# TRY IT
Beginning with the line that holds "Material: Trä, Linne, Färg: Beige, Egenskaper: Fotstöd, Antal", copy each line through the end of the material below, exactly and with no pictures.

# SUPPLIED INFORMATION
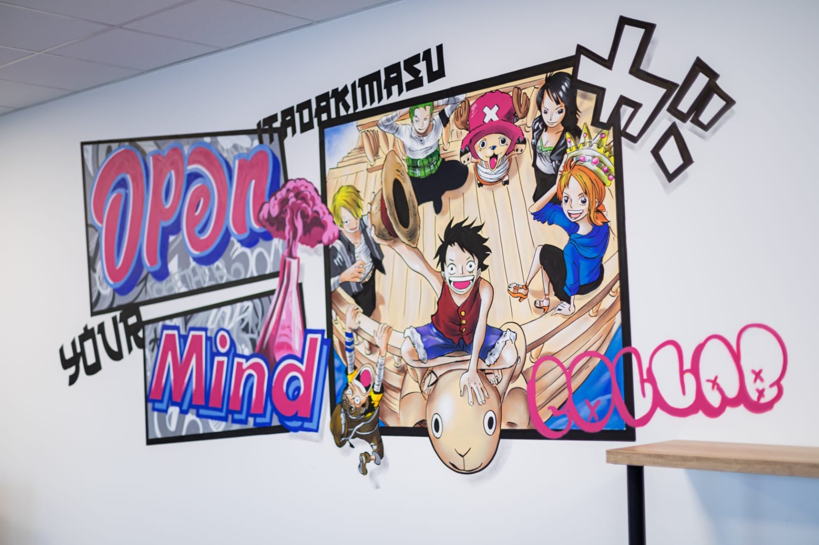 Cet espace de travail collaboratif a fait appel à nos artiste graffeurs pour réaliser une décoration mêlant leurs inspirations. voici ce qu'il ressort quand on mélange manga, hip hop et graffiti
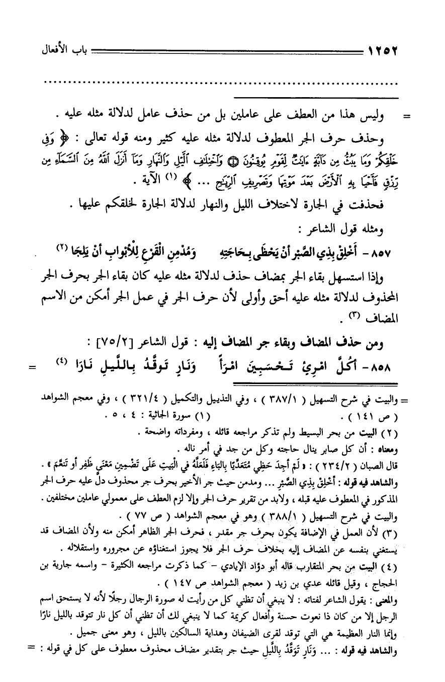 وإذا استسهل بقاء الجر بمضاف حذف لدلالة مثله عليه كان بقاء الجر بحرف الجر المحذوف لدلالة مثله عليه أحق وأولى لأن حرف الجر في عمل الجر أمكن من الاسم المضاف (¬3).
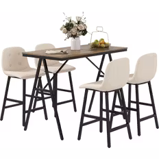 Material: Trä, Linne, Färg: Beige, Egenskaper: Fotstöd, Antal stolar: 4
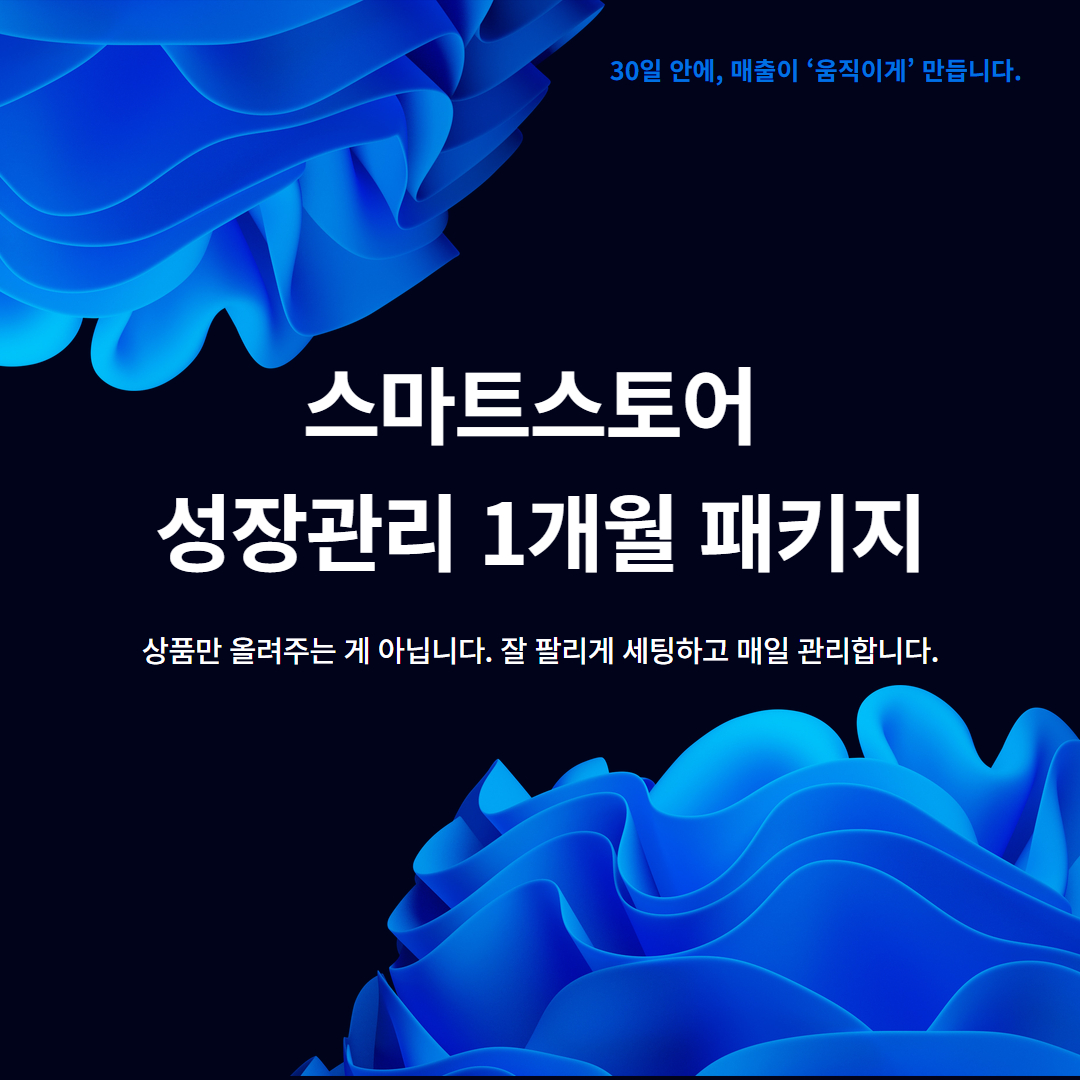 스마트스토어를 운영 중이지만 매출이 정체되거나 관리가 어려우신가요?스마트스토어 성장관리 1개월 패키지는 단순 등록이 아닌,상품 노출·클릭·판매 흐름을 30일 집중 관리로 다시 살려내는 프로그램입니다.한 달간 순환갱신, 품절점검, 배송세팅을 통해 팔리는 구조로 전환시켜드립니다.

# SOLUTION FOR THIS PROBLEM
 Material: Trä, Linne, Färg: Beige, Egenskaper: Fotstöd, Antal stolar: 4
 스마트스토어를 운영 중이지만 매출이 정체되거나 관리가 어려우신가요?스마트스토어 성장관리 1개월 패키지는 단순 등록이 아닌,상품 노출·클릭·판매 흐름을 30일 집중 관리로 다시 살려내는 프로그램입니다.한 달간 순환갱신, 품절점검, 배송세팅을 통해 팔리는 구조로 전환시켜드립니다.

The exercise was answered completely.